I guess we all have our family issues in here, maybe that’s why we all get along.
It’s not that he talks about the past. He doesn’t. But it leaks through the cracks anyway. I also spotted most of his information in his file when I got here and scanned through my colleagues.
He used to work in a real hospital after the military. Didn’t last. Too many rules, too much red tape, too many nights spent tryingto save people who didn’t want to be saved. So he ended up here, in a place where the world only expects him to patch up wounds and send people back out into the dark.
“You good?” he asks now, pulling me out of my thoughts.

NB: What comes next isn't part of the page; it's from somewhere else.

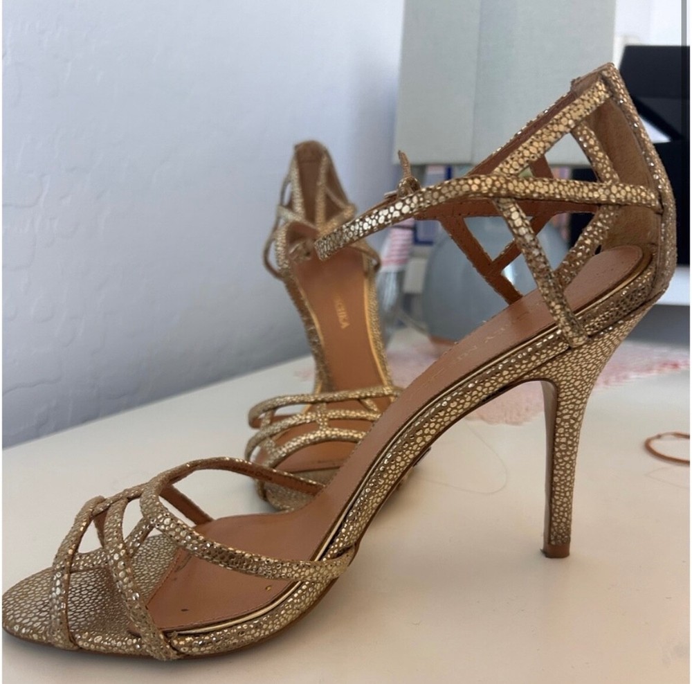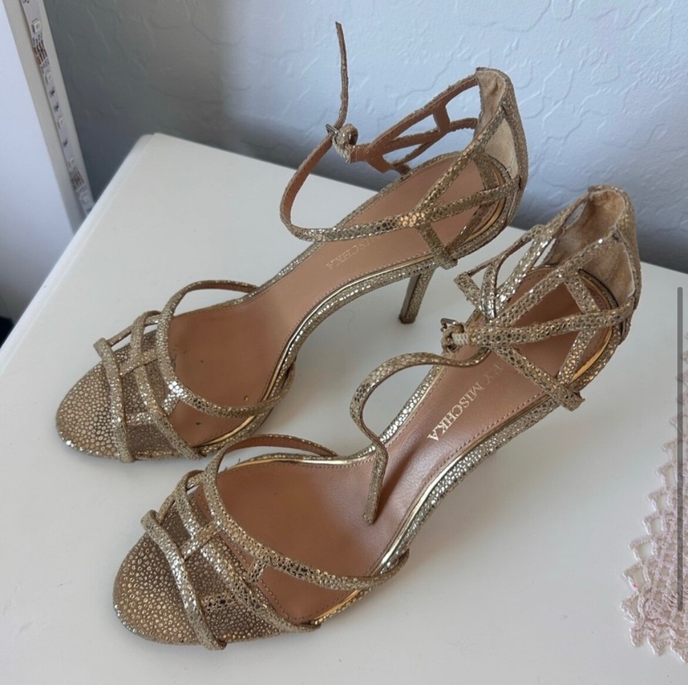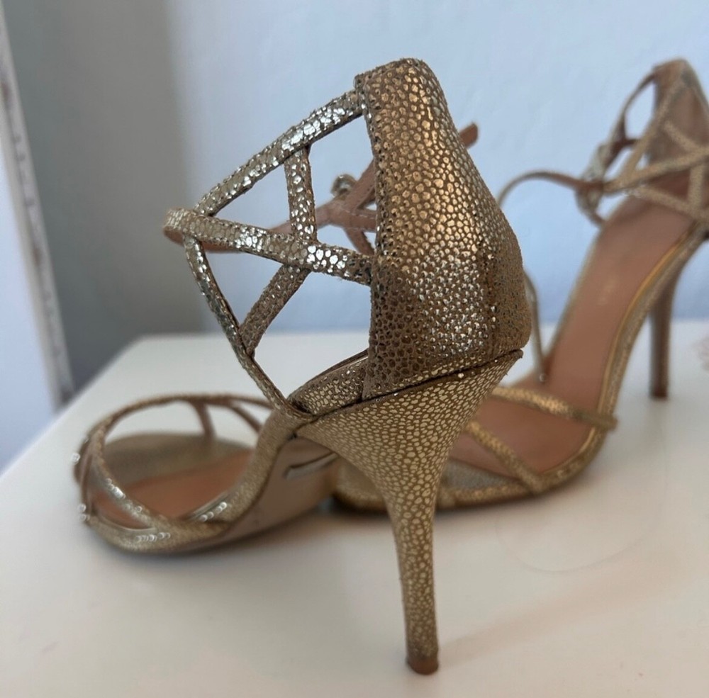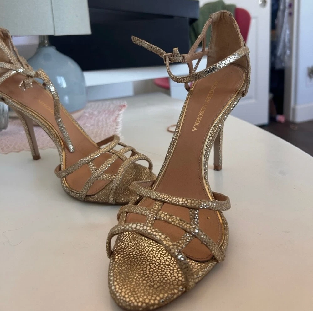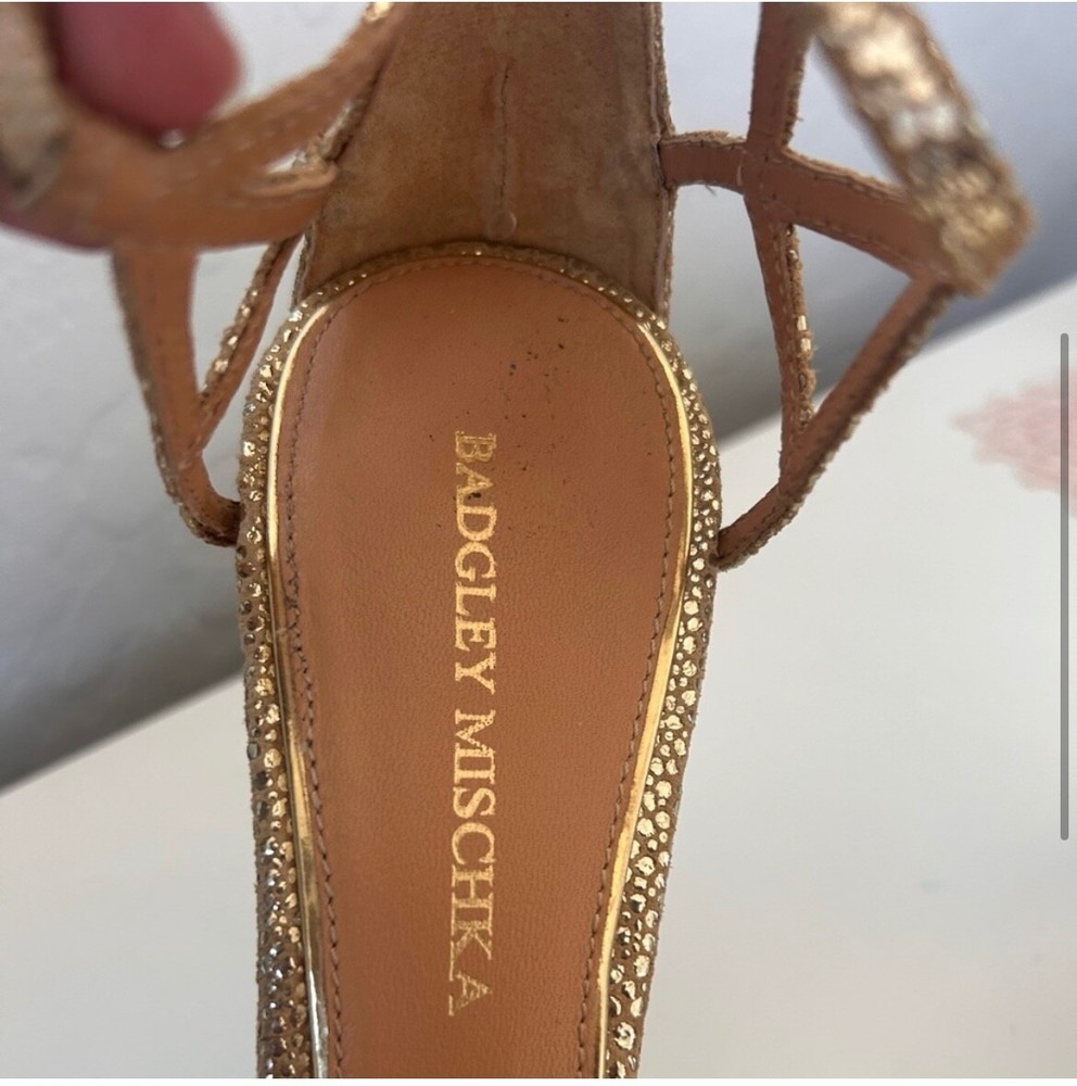 These Badgley Mischka gold heels are a stylish choice for women in size 9.5. The pumps feature a metallic design, perfect for adding a touch of glam to any outfit.
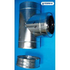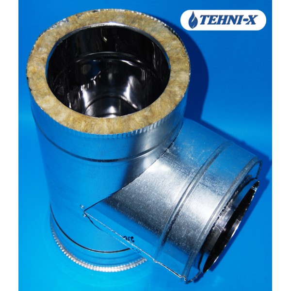 Тройник с лейкой из нержавеющей стали толщиной 0,5 мм с термоизоляцией в оцинкованном кожухе Ø 180x240

I glance at him. His face is unreadable, but there’s something behind his eyes. A kind of quiet knowing.
“I’m fine.”
He doesn’t argue. Just nods and steps aside, letting me pass. But I know Sawyer. And Sawyer doesn’t believe in ‘fine.’
Neither do I.
Chapter 11
Whispers of the Fallen
Isabella
I take a steadying breath before pushing open the door to room three. The small, sterile space smells like antiseptic and stale air, the faint hum of the fluorescent lights above almost too loud in the silence. A soft beeping monitor is the only other sound, its rhythmic pulse a reminder that this man, this overdose victim, is still tethered to something beyond the darkness that took him.
The patient lies in a bed near the window, the blinds drawn, casting long shadows across his face. He’s pale, his skin the color of ash, but his chest rises and falls steadily. The kind of stability that comes from a dose of intervention, life hanging by a thread, held together by skill and medication.
I walk over quietly, my sneakers barely making a sound on the linoleum floor. The IV drip is hooked up to his arm, the needle in place like a tiny parasite feeding on the veins beneath his skin. His lips are cracked, his hands twitching in his sleep like his body is still fighting something he can’t name.
I pull the chart from the foot of the bed, glancing over the details. John. No ID. Just a dead-end name.Classic.
“Let’s see what we’ve got,” I mutter under my breath, checking his vitals one last time.
I’m about to step back when his eyes snap open, wide and frantic, like someone waking up in a nightmare. I freeze, staring into the dark, almost bloodshot pupils that meet mine with amix of confusion and something darker. Fear? Panic? The kind of look that says he’s already been through Hell and isn’t sure he wants to come back.